Le patron de l’opération que l’on pourrait appeler « transfert d’urgence du trésor français » s’appelait l’amiral Robert, qui n’avait pas, on en conviendra, la tâche facile. A toute vapeur, il va transporter les 350 tonnes de métal précieux vers la Martinique et Fort-de-France. Là, attendaient avec impatience, d’une part le représentant de la Banque de France, et d’autre part, un « observateur », pour employer un terme mesuré, des États-Unis d’Amérique. On a beau être alliés, on en est pas moins prudents !… Les lingots, quant à eux, furent entassés dans un endroit sûr au fort Desaix. Et c’est ainsi que pour calmer les soi-disant inquiétudes américaines, l’amiral Robert avait admis la présence, à la Martinique, d’un « observateur » américain qui, entre autres « contrôles », pouvait vérifier, de visu, lorsqu’il le désirerait, que l’or était toujours dans la casemate du fort Desaix. L’occupant allemand, de son côté, s’aperçut vite qu’il avait été berné. Et pour la seconde fois, puisque la Banque de France, selon le proverbe bien connu, avait pris grand soin de ne pas mettre tous ses oeufs, dans le même panier.

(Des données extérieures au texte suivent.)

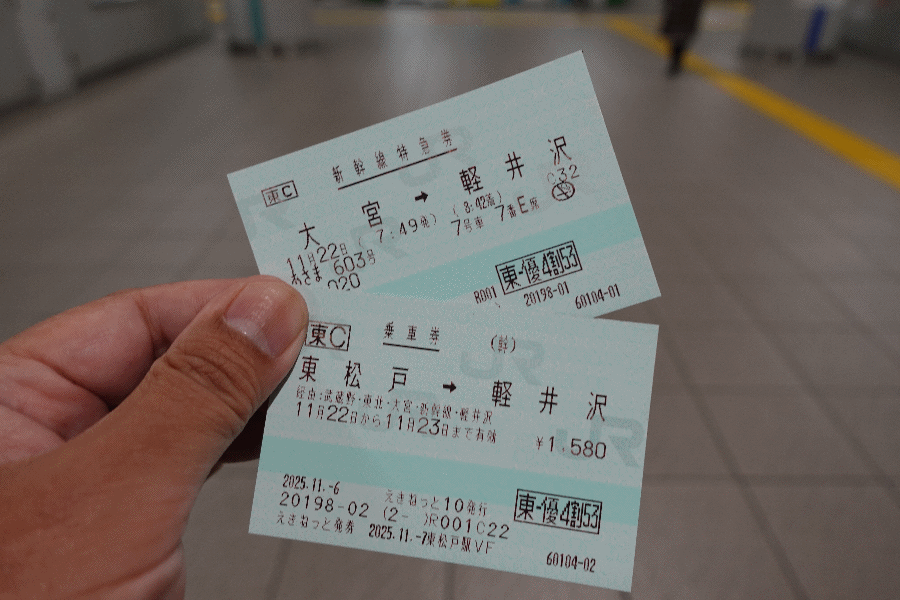 往路は軽井沢まで新幹線で移動して、復路は横川から在来線だけで戻ってくることにしている。JREバンクの優待券(4割引)がちょうど2枚残っていたため、それを使って移動することにした。
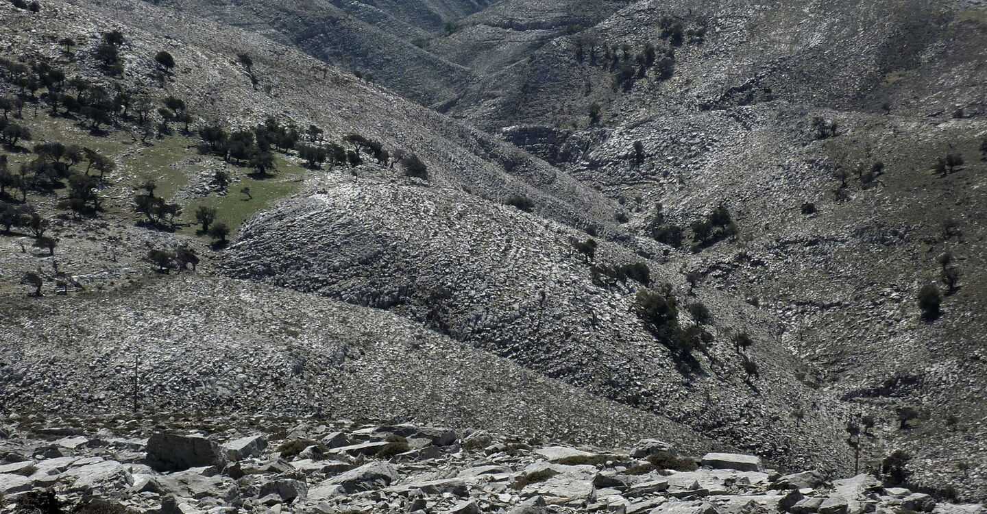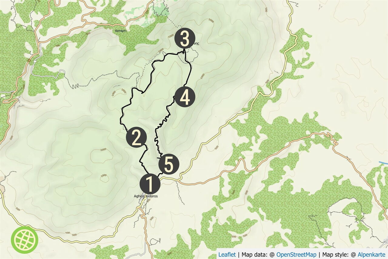 Vom (01) Start und Ziel Agios Isidoros (525 m) gehen wir auf der ortsauswärts führenden Straße Richtung Laerma, bis wir auf eine links bergauf führende Piste treffen, die wir in der ersten Linkskurve nach halb rechts auf einen beginnenden Pfad durch Ziegengatter verlassen. Nach 250 m durch eine Schlucht führt der Weg über einen Bergrücken weiter bergauf.
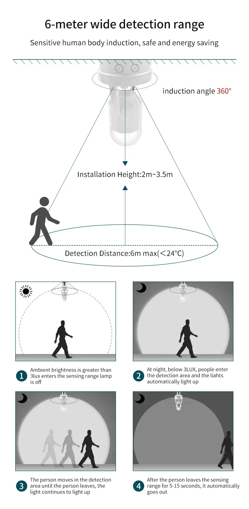 - Detection Distance: 6m max(<24°C)
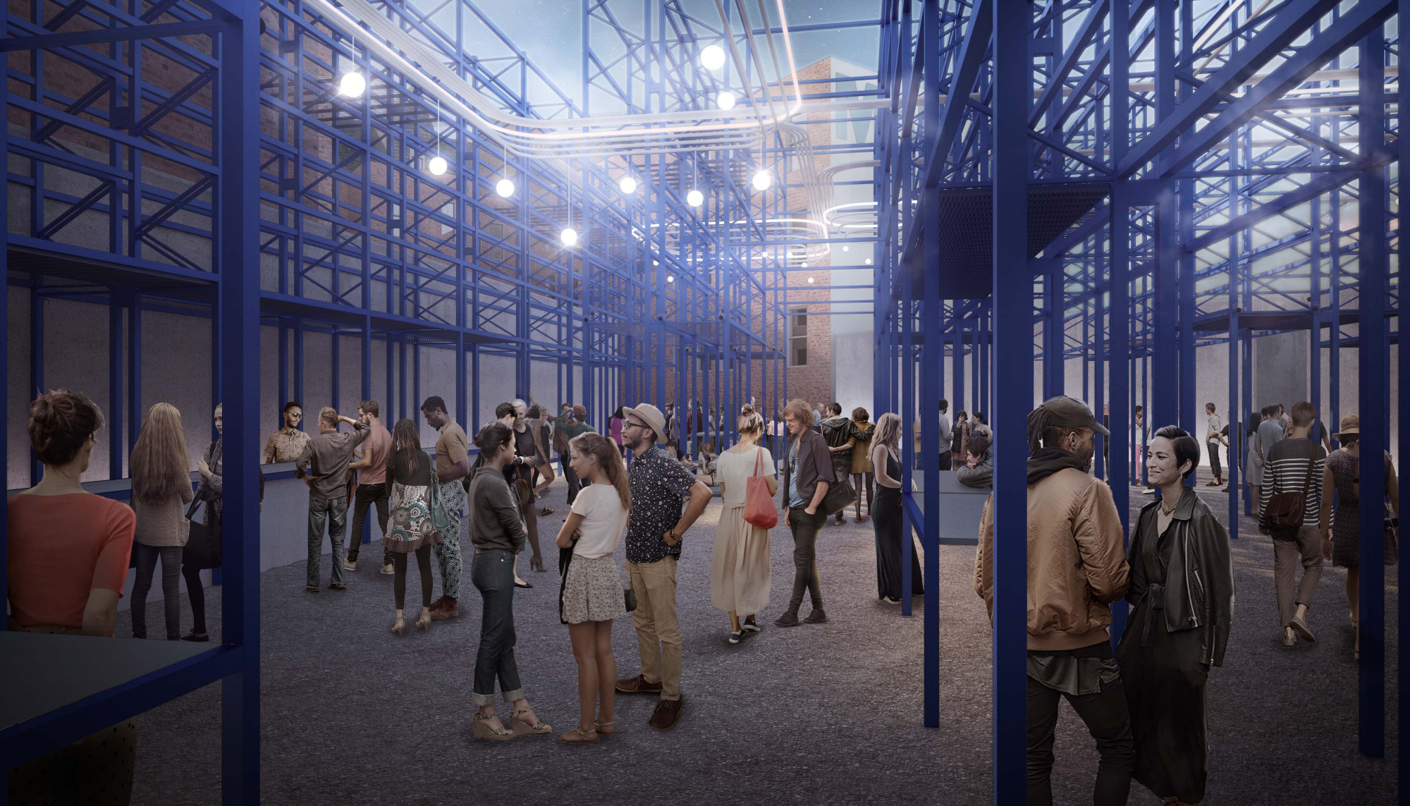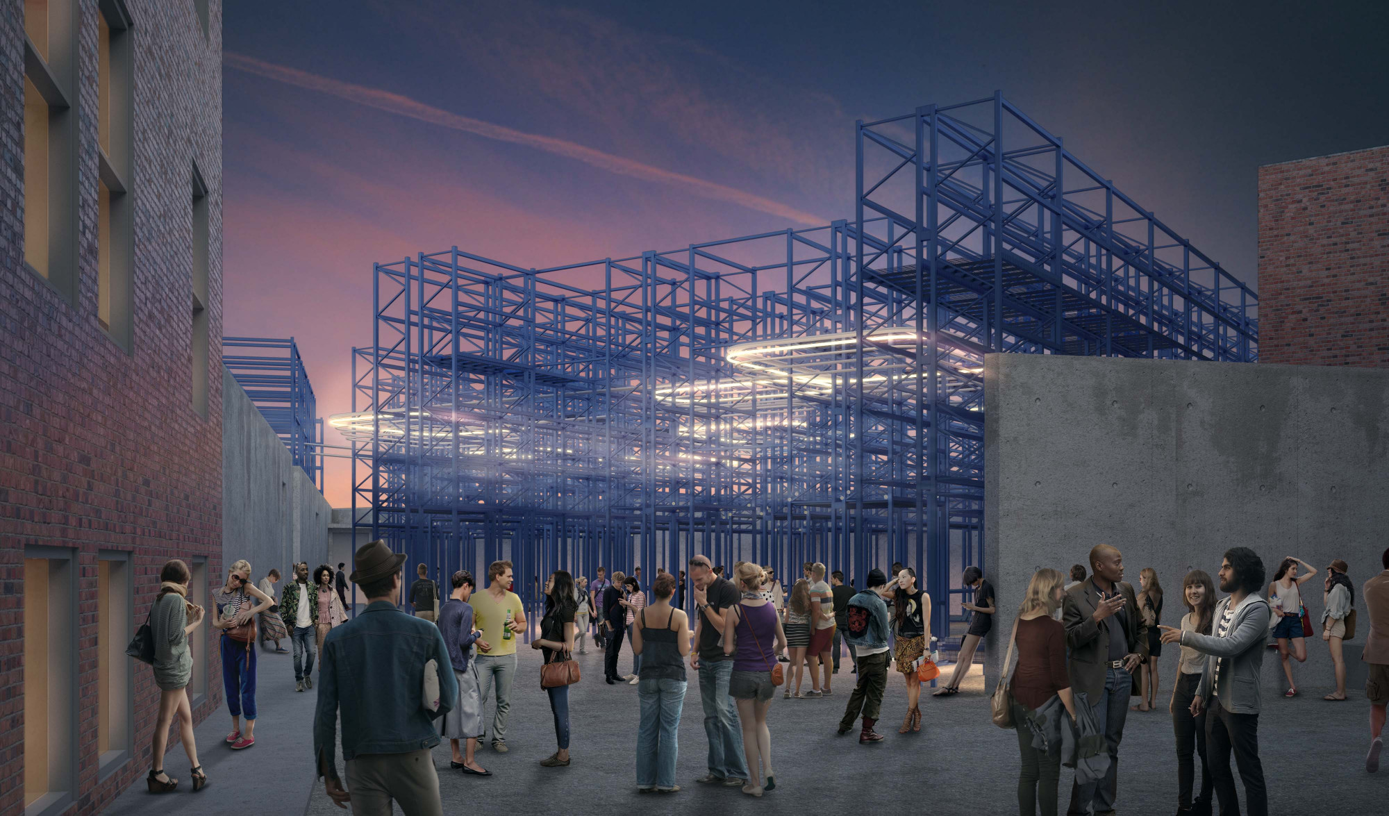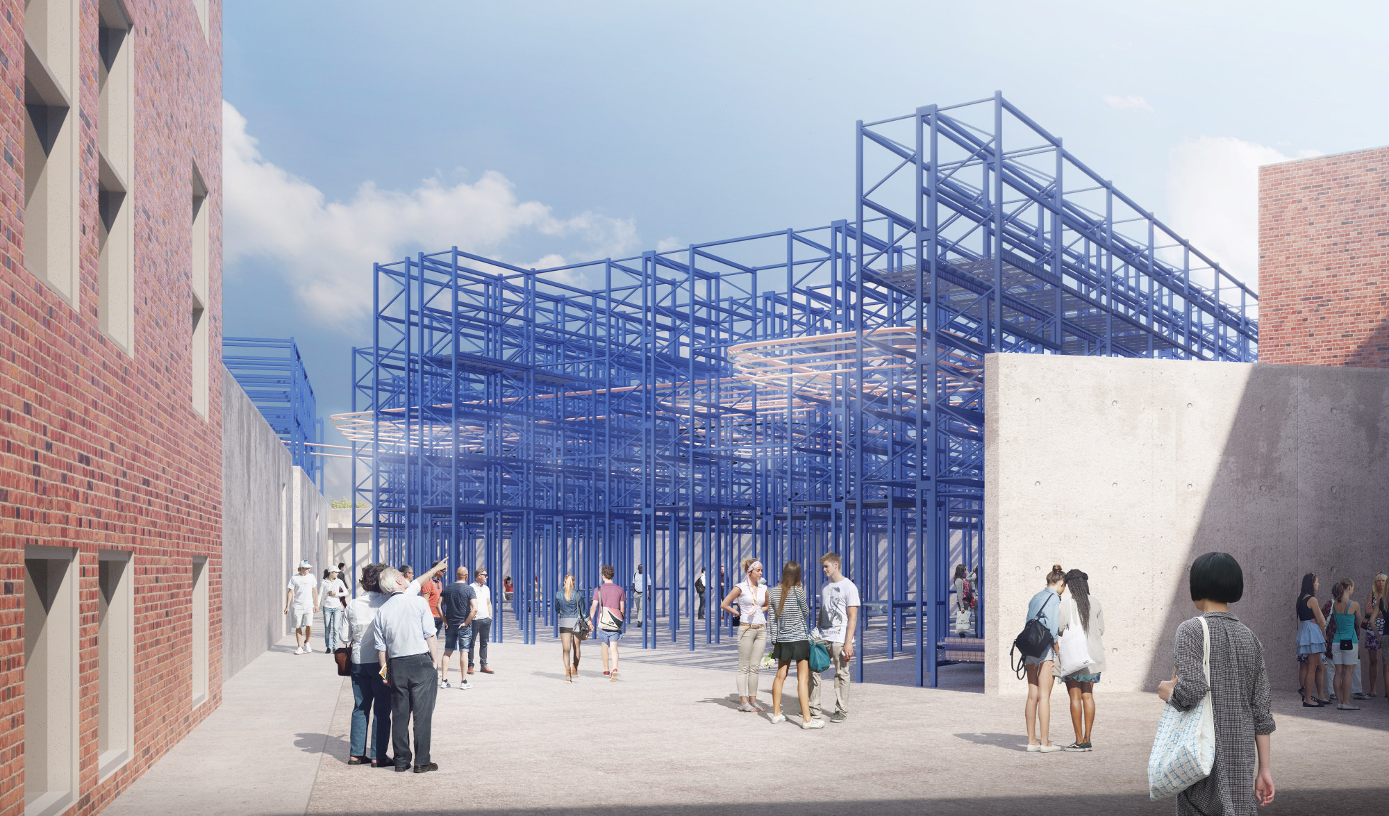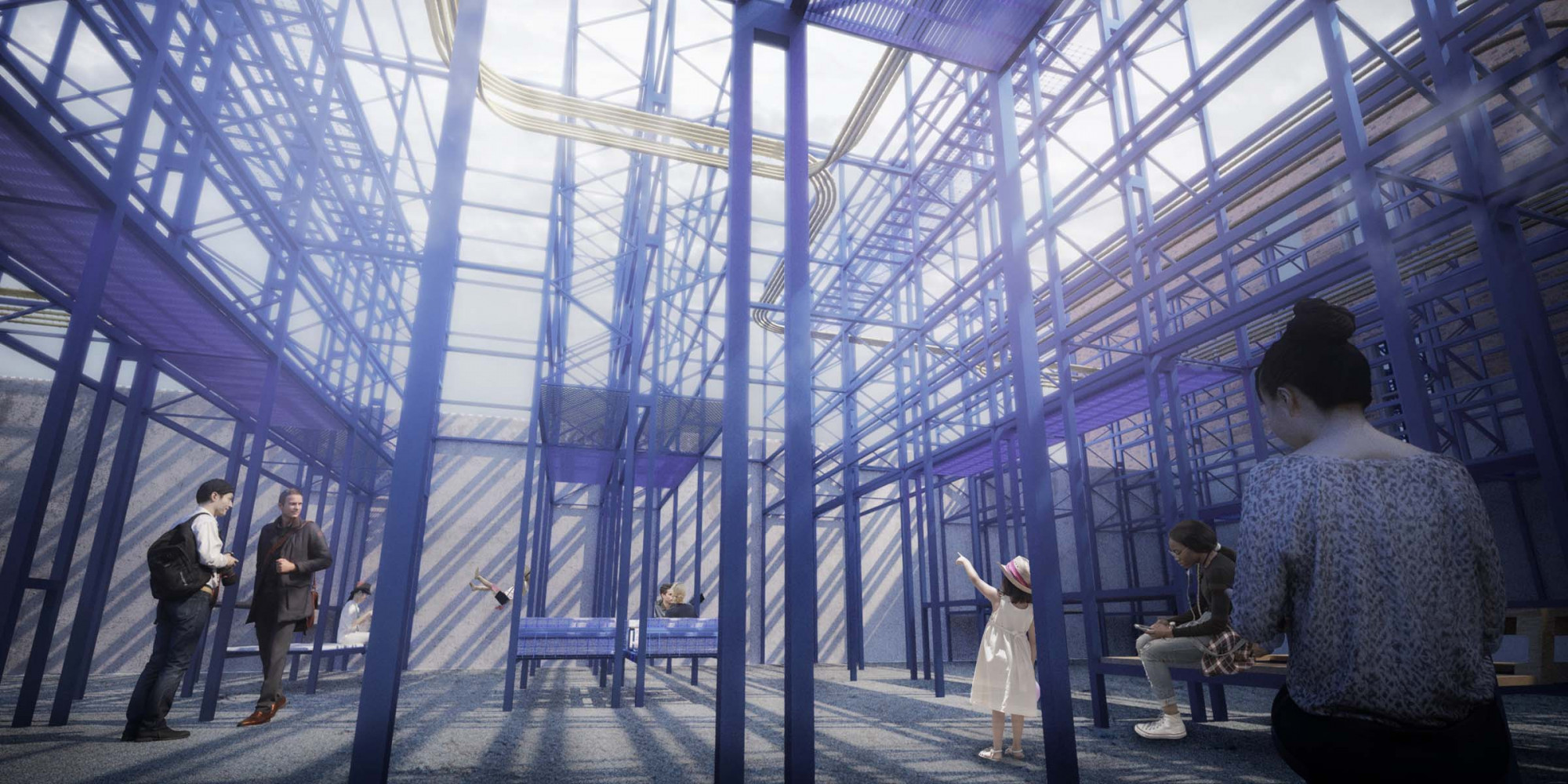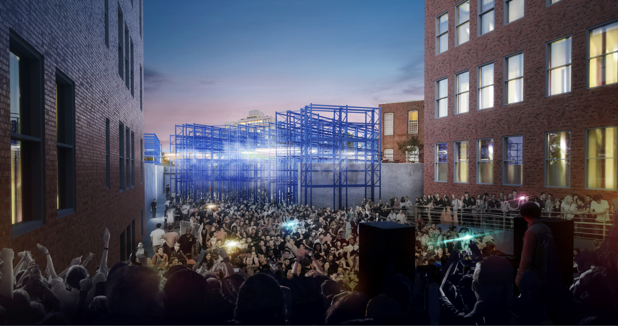 Runner-up proposal for the courtyard of MoMA PS1, under the direction of Jesse LeCavalier R+D. The project proposed intervening in the ubiquitous and hyper-fluid material systems of shipping storage and fulfillment centers, by repurposing the warehouse pallet racks as a structure for leisure.

C’est ainsi, qu’un autre trésor en réserve d’or, avait été acheminé, lui, sur Dakar ! C’est peu dire que de ce côté là le gouvernement allemand insista lourdement, quand ce n’était pas sur un ton menaçant à peine voilé, pour que le gouvernement français de Vichy, rapatrie l’or de la Martinique et aussi celui de Dakar ! Vichy s’en tira, en jurant ses grands dieux, que la tâche était impossible, compte tenu de l’énorme puissance des forces navales alliées, qui tenaient la maîtrise des mers. Et qu’il valait encore mieux, que le trésor reste en lieu sûr, plutôt que de tomber dans l’escarcelle des ennemis anglo-américains. Les Allemands n’étaient pas tout à fait dupes, mais l’argument porta.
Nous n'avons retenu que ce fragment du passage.